> EXERCISE DETAILS: Restate word for word only the lines from the one with "Iconic vintage unisex" through the end of the records; no pictures belong in the copy.

[Entries taken from a collection]
● ● ● ● ● ● ●

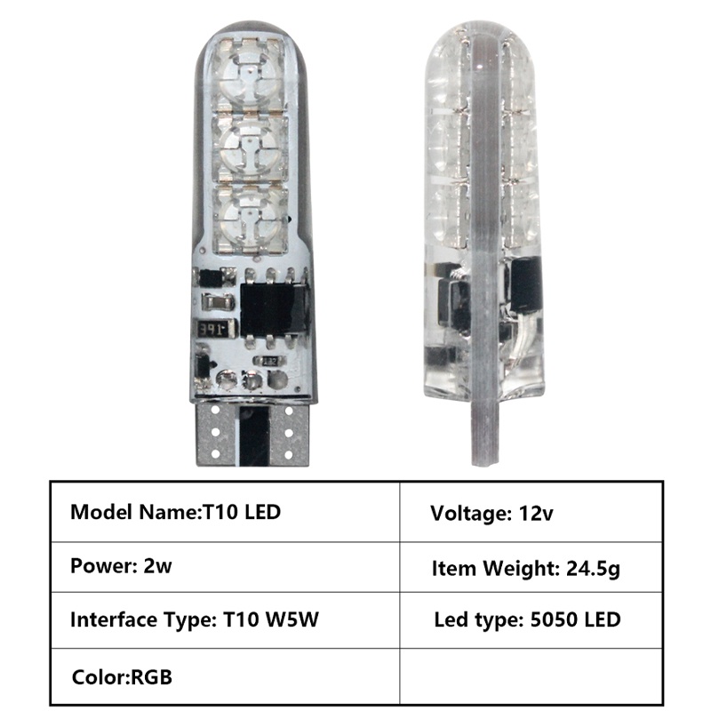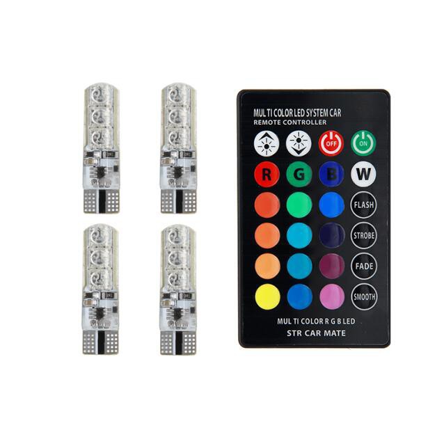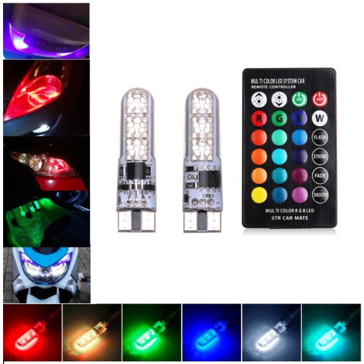 T10 หลอดไฟ LED 12V W5W ซิลิกาเจล RGB 12 COB ไฟ LED ไฟติดรถยนต์ควบคุมด้วยรีโมท
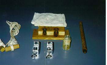 火起こし台、火起こし棒、小さな薬瓶、雑巾、取っ手になる棒、ロープ、クランプ(必要に応じて)
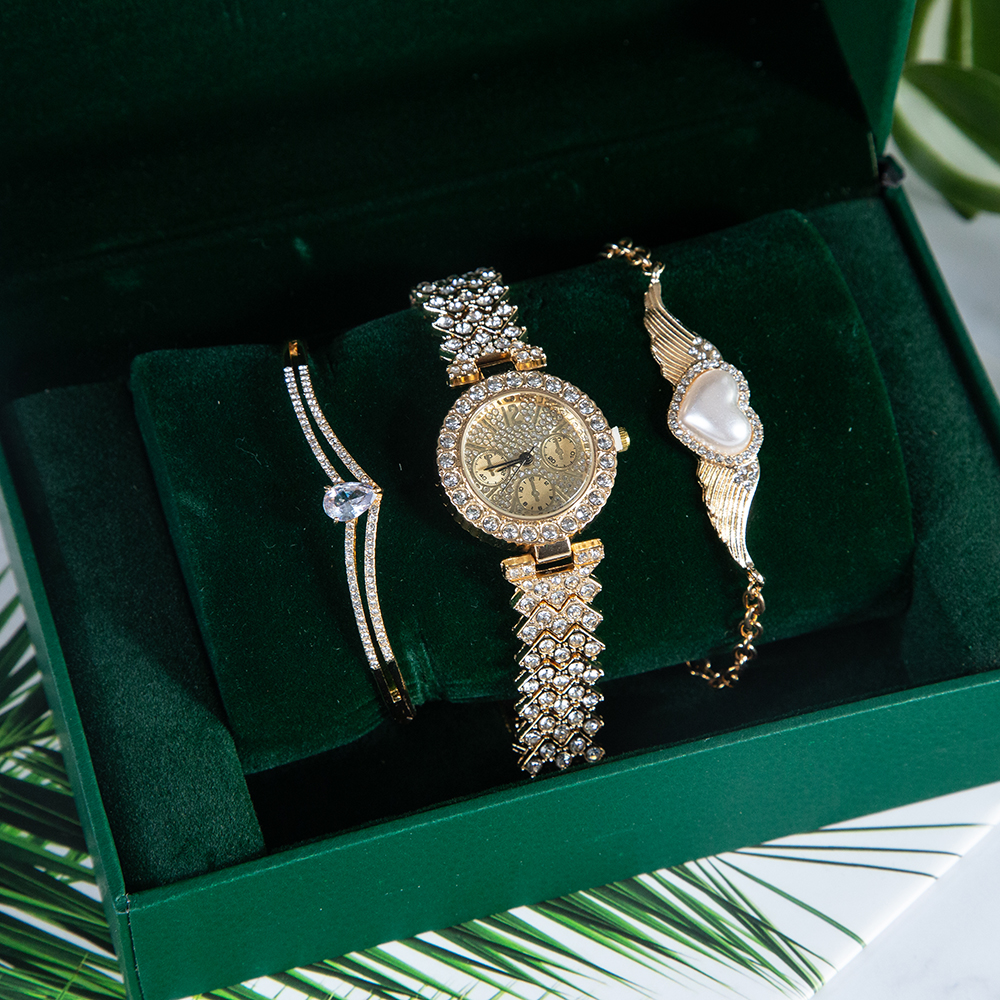 This sophisticated gift set includes a watch and elegant bracelet that complement each other perfectly. The watch offers a combination of precision and modern design, while the bracelet adds elegance and charm to any look. The set is suitable for every lady who appreciates quality and stylish accessories. A wonderful gift choice that will impress and delight.
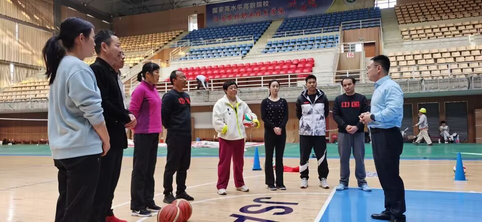 赛前学院党委委员、纪委书记孙俭强调体育技能是体育教师业务能力的一部分,体育教师要将党建工作与业务能力深度融合,形成互动联合、共建共赢的良好局面。
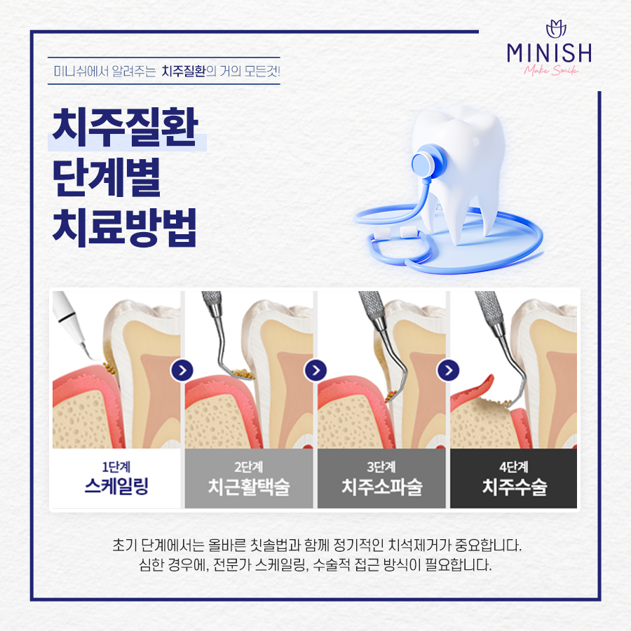 치주질환 1단계부터 전문가 도움을 받아 스케일링을 진행하시고, 필요한 치료도 적절하게 병행하셔야 합니다.
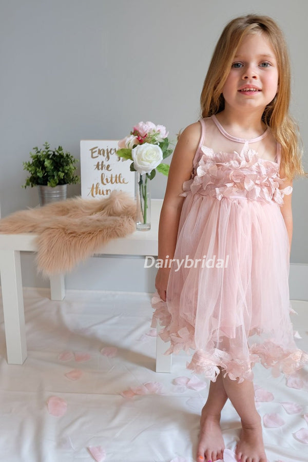 Pink Sleeveless Tulle Popular Tulle Flower Girl Dresses, Cheap Little Girl Dresses, DA904
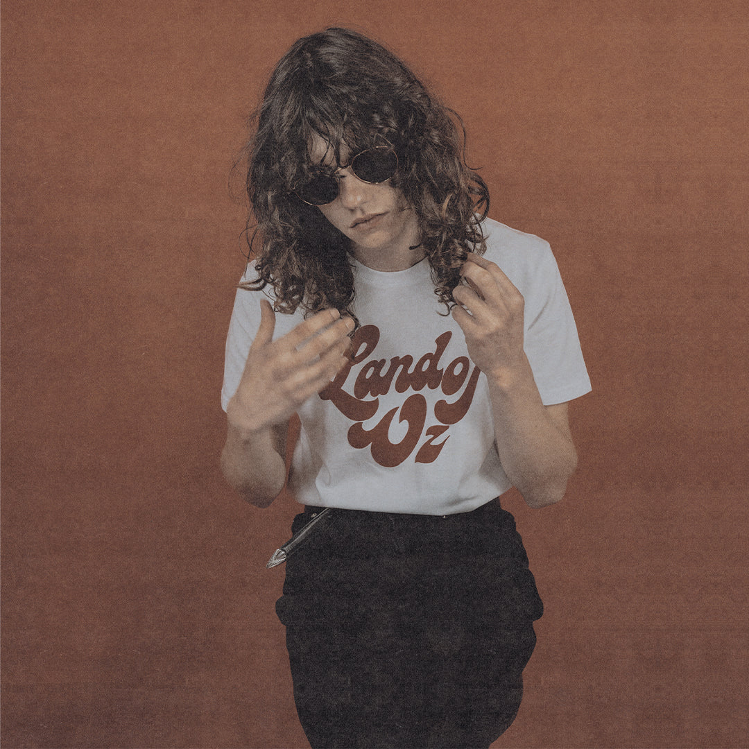 Iconic vintage unisex white t-shirt with short sleeves and rounded collar, LAND OF OZ flocked.
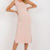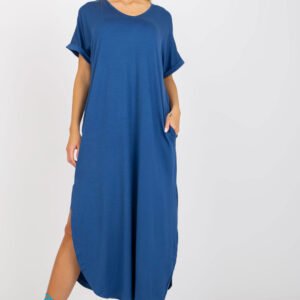 Sukienka z krótkim rękawkiem, po bokach kieszenie wsuwane. Dół zaokrąglony, z rozcięciami.
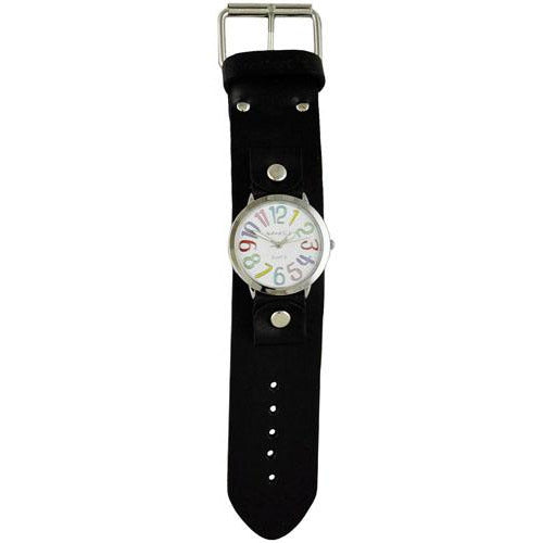 Showgirl Ladies Black Watch with Diamond Stitched Black Leather Cuff
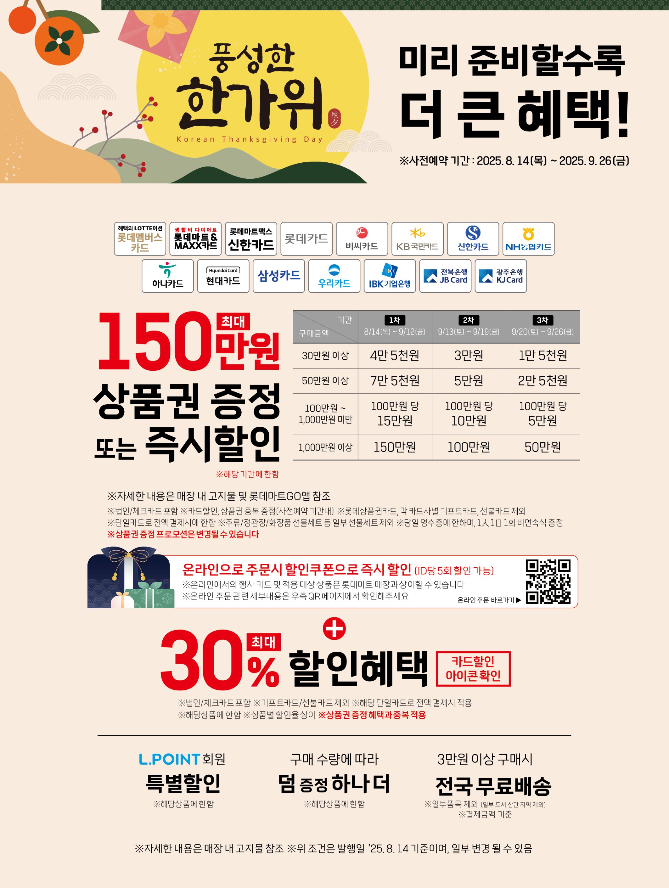 행사카드로 결제하면 최대 30% 할인 혜택을 받을 수 있으며, 구매 금액에 따라 최대 150만원 상당의 상품권도 증정됩니다.

● ● ● ● ● ● ●

> TASK RESULT:
 Iconic vintage unisex white t-shirt with short sleeves and rounded collar, LAND OF OZ flocked.
 Sukienka z krótkim rękawkiem, po bokach kieszenie wsuwane. Dół zaokrąglony, z rozcięciami.
 Showgirl Ladies Black Watch with Diamond Stitched Black Leather Cuff
 행사카드로 결제하면 최대 30% 할인 혜택을 받을 수 있으며, 구매 금액에 따라 최대 150만원 상당의 상품권도 증정됩니다.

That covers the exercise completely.